- Data in this exercise
——————————

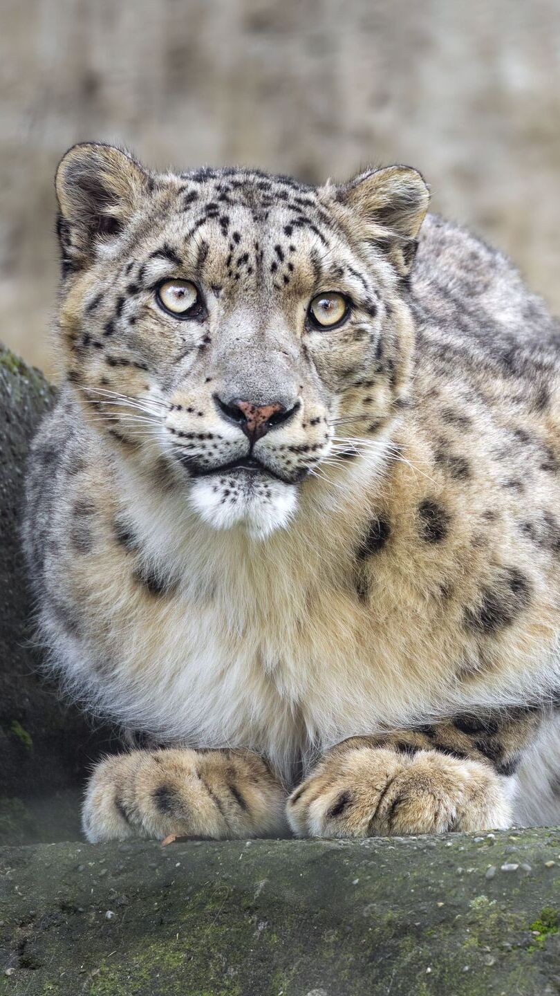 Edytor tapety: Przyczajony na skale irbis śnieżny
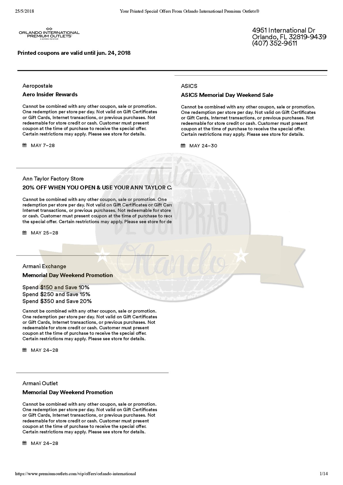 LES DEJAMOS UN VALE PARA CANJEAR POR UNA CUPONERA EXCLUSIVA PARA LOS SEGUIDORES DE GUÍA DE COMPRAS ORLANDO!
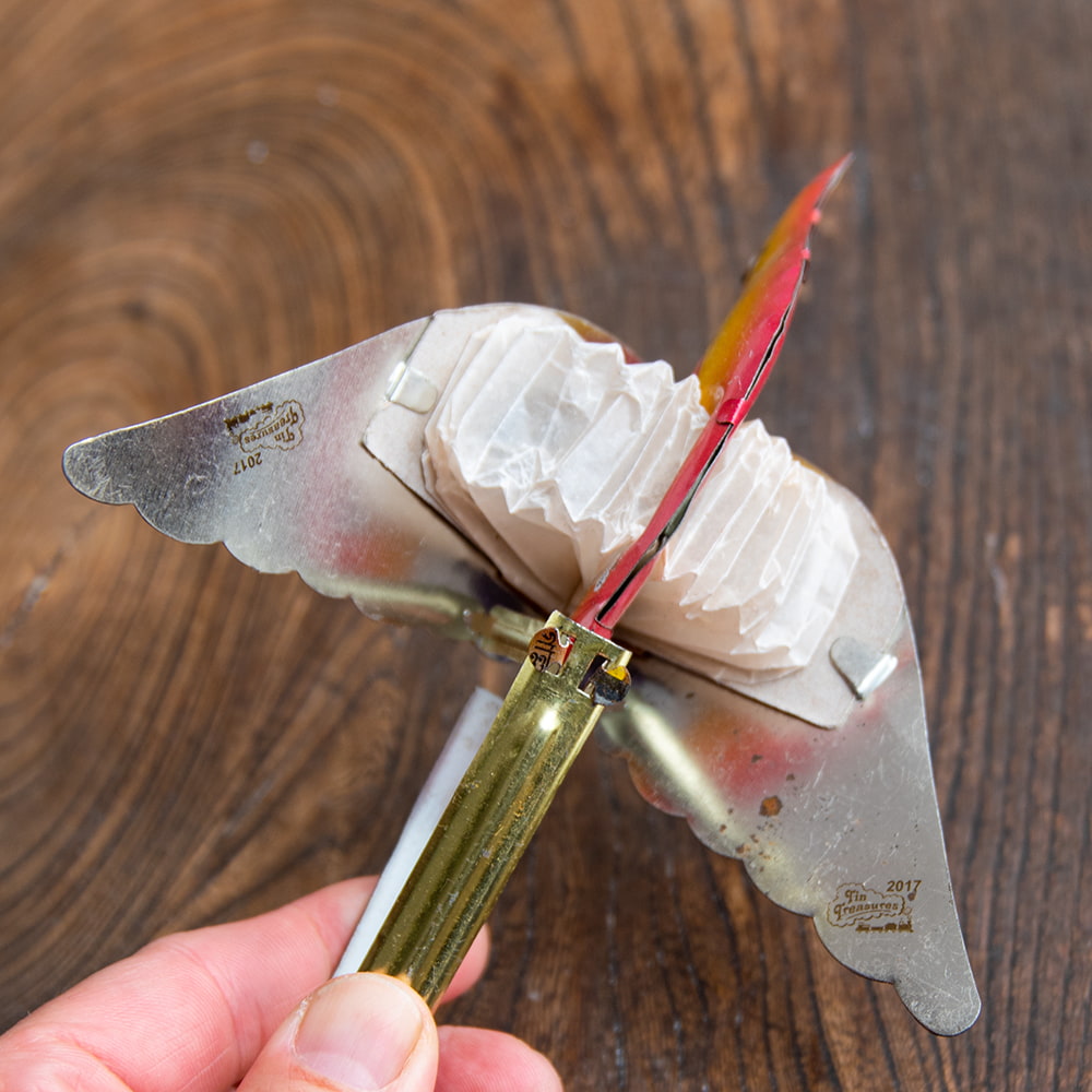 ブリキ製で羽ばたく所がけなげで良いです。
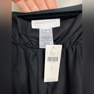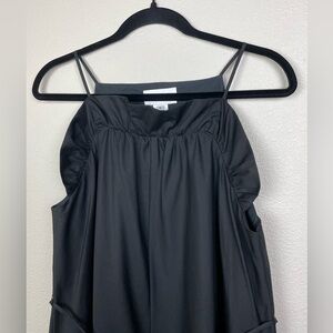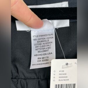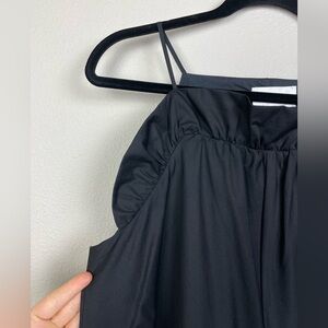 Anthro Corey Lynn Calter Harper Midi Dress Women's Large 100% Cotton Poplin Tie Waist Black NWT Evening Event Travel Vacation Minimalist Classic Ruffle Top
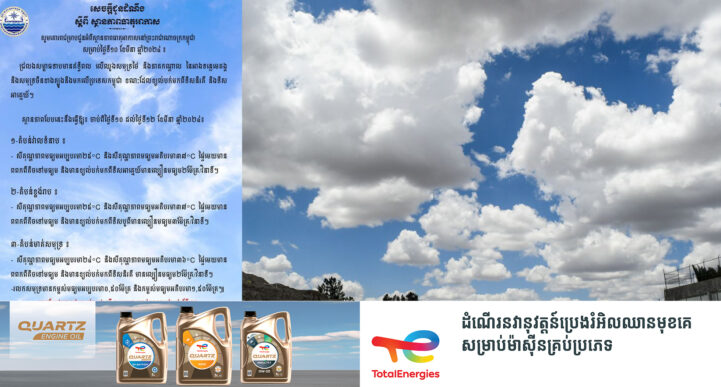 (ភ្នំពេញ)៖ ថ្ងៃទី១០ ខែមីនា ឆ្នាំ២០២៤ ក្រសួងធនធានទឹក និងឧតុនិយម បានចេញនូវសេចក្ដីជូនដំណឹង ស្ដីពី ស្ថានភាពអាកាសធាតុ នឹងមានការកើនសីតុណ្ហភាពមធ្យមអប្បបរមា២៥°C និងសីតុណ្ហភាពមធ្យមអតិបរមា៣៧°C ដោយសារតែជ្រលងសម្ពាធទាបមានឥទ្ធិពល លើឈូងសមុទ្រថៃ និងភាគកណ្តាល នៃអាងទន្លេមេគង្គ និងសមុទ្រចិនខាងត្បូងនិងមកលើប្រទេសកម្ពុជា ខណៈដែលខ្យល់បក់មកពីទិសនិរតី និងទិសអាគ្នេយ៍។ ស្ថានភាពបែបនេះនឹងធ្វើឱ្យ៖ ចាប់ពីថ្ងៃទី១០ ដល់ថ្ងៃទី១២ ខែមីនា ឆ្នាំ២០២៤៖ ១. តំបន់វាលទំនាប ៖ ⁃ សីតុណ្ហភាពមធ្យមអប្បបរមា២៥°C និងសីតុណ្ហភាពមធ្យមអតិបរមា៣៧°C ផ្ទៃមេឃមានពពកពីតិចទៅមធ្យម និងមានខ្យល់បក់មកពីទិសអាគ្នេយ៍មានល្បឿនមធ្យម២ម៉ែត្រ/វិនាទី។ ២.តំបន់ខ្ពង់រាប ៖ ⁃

——————————

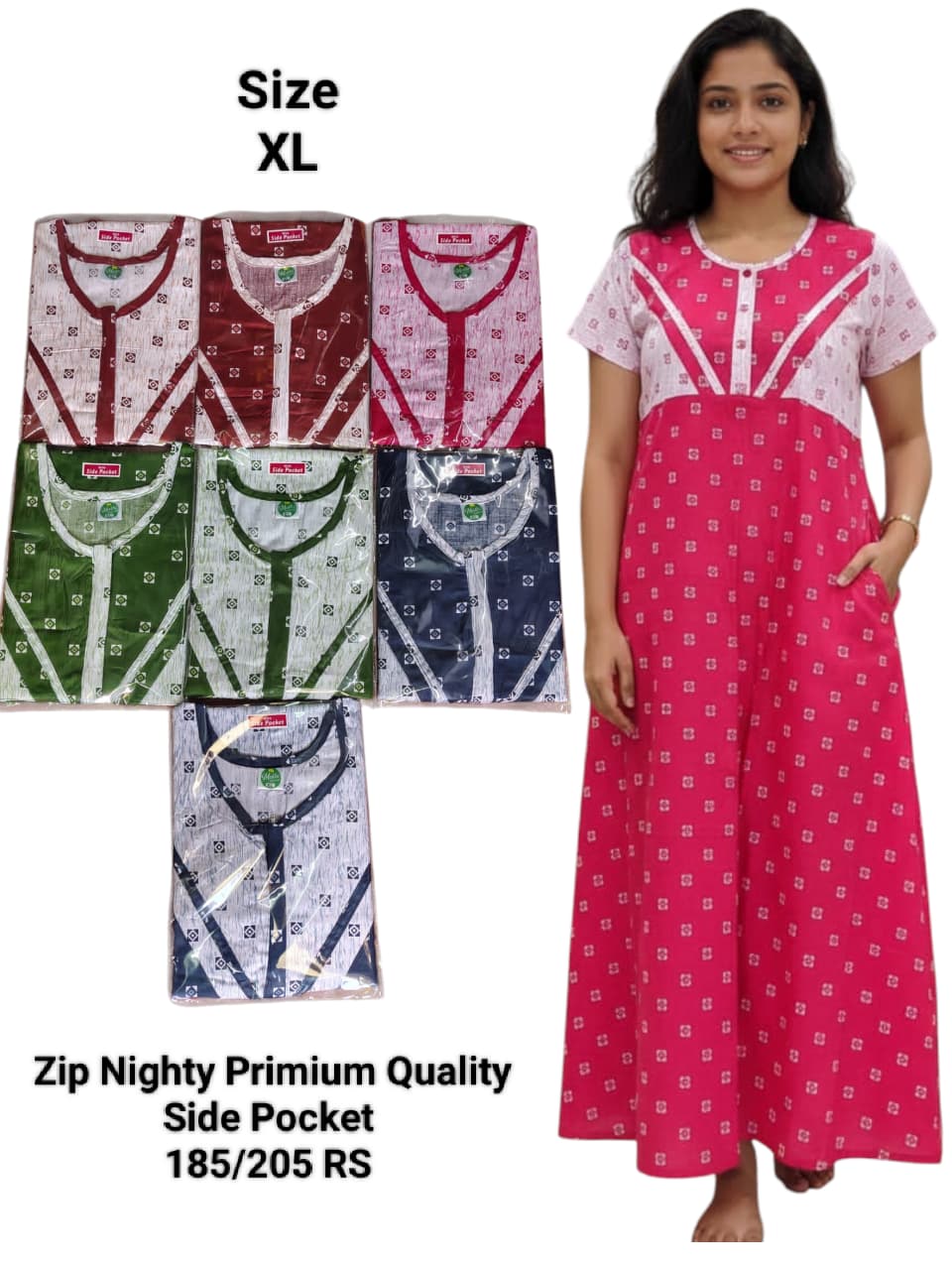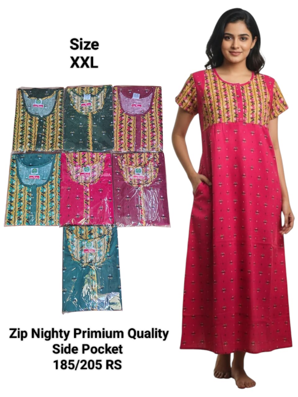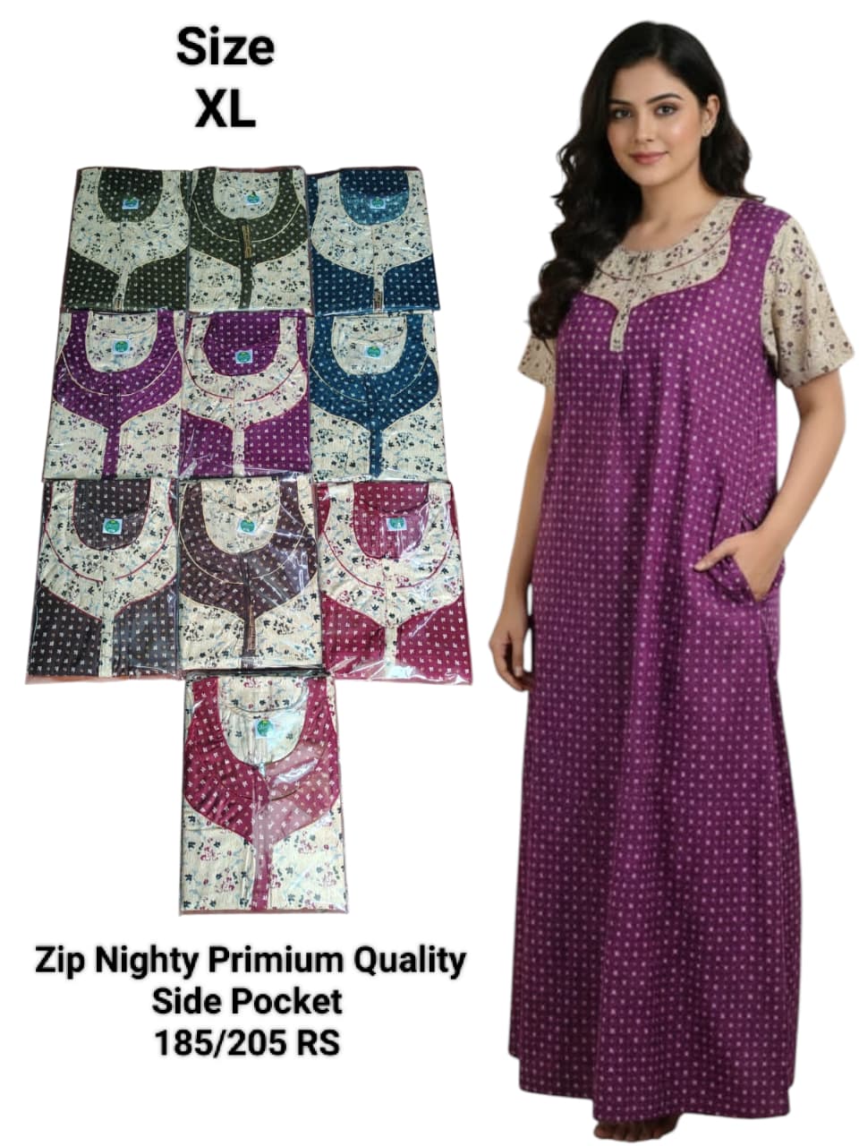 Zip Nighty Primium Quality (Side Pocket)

——————————

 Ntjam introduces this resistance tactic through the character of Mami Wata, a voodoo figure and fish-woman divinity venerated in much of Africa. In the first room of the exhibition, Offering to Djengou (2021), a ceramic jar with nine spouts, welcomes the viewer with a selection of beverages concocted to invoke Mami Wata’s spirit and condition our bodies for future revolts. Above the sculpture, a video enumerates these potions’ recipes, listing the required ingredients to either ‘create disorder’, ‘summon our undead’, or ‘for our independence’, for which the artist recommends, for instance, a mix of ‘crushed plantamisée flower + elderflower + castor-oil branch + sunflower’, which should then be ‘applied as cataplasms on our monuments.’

——————————

- Activity
Only one stretch of the listing above is to be duplicated: the lines from the one containing "Edytor tapety: Przyczajony" through the one containing "(ភ្នំពេញ)៖ ថ្ងៃទី១០ ខែមីនា", both included. Copy them exactly, minus the pictures.

- Answer to the exercise
 Edytor tapety: Przyczajony na skale irbis śnieżny
 LES DEJAMOS UN VALE PARA CANJEAR POR UNA CUPONERA EXCLUSIVA PARA LOS SEGUIDORES DE GUÍA DE COMPRAS ORLANDO!
 ブリキ製で羽ばたく所がけなげで良いです。
 Anthro Corey Lynn Calter Harper Midi Dress Women's Large 100% Cotton Poplin Tie Waist Black NWT Evening Event Travel Vacation Minimalist Classic Ruffle Top
 (ភ្នំពេញ)៖ ថ្ងៃទី១០ ខែមីនា ឆ្នាំ២០២៤ ក្រសួងធនធានទឹក និងឧតុនិយម បានចេញនូវសេចក្ដីជូនដំណឹង ស្ដីពី ស្ថានភាពអាកាសធាតុ នឹងមានការកើនសីតុណ្ហភាពមធ្យមអប្បបរមា២៥°C និងសីតុណ្ហភាពមធ្យមអតិបរមា៣៧°C ដោយសារតែជ្រលងសម្ពាធទាបមានឥទ្ធិពល លើឈូងសមុទ្រថៃ និងភាគកណ្តាល នៃអាងទន្លេមេគង្គ និងសមុទ្រចិនខាងត្បូងនិងមកលើប្រទេសកម្ពុជា ខណៈដែលខ្យល់បក់មកពីទិសនិរតី និងទិសអាគ្នេយ៍។ ស្ថានភាពបែបនេះនឹងធ្វើឱ្យ៖ ចាប់ពីថ្ងៃទី១០ ដល់ថ្ងៃទី១២ ខែមីនា ឆ្នាំ២០២៤៖ ១. តំបន់វាលទំនាប ៖ ⁃ សីតុណ្ហភាពមធ្យមអប្បបរមា២៥°C និងសីតុណ្ហភាពមធ្យមអតិបរមា៣៧°C ផ្ទៃមេឃមានពពកពីតិចទៅមធ្យម និងមានខ្យល់បក់មកពីទិសអាគ្នេយ៍មានល្បឿនមធ្យម២ម៉ែត្រ/វិនាទី។ ២.តំបន់ខ្ពង់រាប ៖ ⁃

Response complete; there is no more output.